Lincoln Township is a township in Russell County, Kansas, United States. As of the 2010 United States Census, it had a population of 150.

History
Lincoln Township was organized from part of Russell Township in the 1880s. Grant Township was organized from part of Lincoln Township in 1907.

Geography
The center of Lincoln Township is located at  (38.7405671, −98.8698075) at an elevation of 1,890 feet (576 m). The township lies in the Smoky Hills region of the Great Plains. The Smoky Hill River runs in and out of the township, winding back and forth across its northern border. Landon Creek, a tributary of the river, flows northeast through the township.

According to the United States Census Bureau, Lincoln Township comprises an area of 36.13 square miles (93.6 km2), all of it land.
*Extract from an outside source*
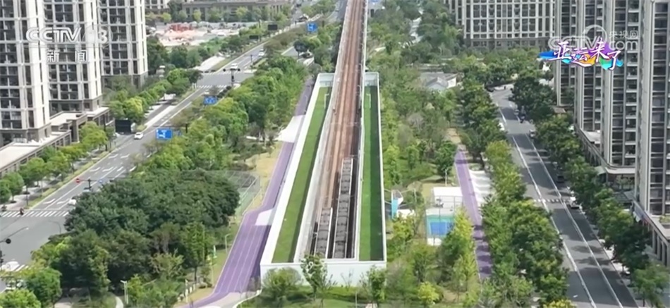 來到杭州臨平區(qū)的豐彩運動公園,公園形似一個“彩虹大吉他”,穿梭其間的地鐵宛若“琴弦”撥動。

Located in southwestern Russell County, it contains no incorporated settlements. One unincorporated community, Milberger, is located in the southwestern part of the township. Lincoln Township borders Grant Township to the north, Fairfield Township to the east, Barton County's Wheatland and Fairview Townships to the south, Winterset Township to the west, and Big Creek Township to the northwest.

Demographics

As of the 2010 census, there were 150 people, 60 households, and 44 families residing in the township. The population density was 4.2 people per square mile (1.6/km2). There were 66 housing units at an average density of 1.83 per square mile (0.71/km2). The racial makeup of the township was 96.7% White, 2.0% Native American, 0.7% Asian, and 0.7% from two or more races. Hispanic or Latino of any race were 0% of the population.

There were 60 households, out of which 33.3% had children under the age of 18 living with them, 65.0% were married couples living together, 8.3% had a female householder with no husband present, and 26.7% were non-families. 25.0% of all households were made up of individuals, and 15.0% had someone living alone who was 65 years of age or older. The average household size was 2.50, and the average family size was 2.98.

In the township, the population was spread out, with 26.7% under the age of 18, 5.9% from 18 to 24, 21.3% from 25 to 44, 24.8% from 45 to 64, and 21.3% who were 65 years of age or older. The median age was 43 years. For every 100 females, there were 89.9 males. For every 100 females age 18 and over, there were 100.0 males.

Education
Lincoln Township lies within unified school district 407, Russell County Schools.

Transportation
U.S. Route 281 runs north–south through the township, connecting to a network of mostly unpaved county roads laid out in a rough grid pattern across the township. Milberger Road, a paved county road, zigzags west and south from its junction with U.S. 281 in the north of the township, running north–south through Milberger before turning west along the county line and exiting the township. Michaelis Road runs east–west through Milberger and is paved east of its intersection with U.S. 281.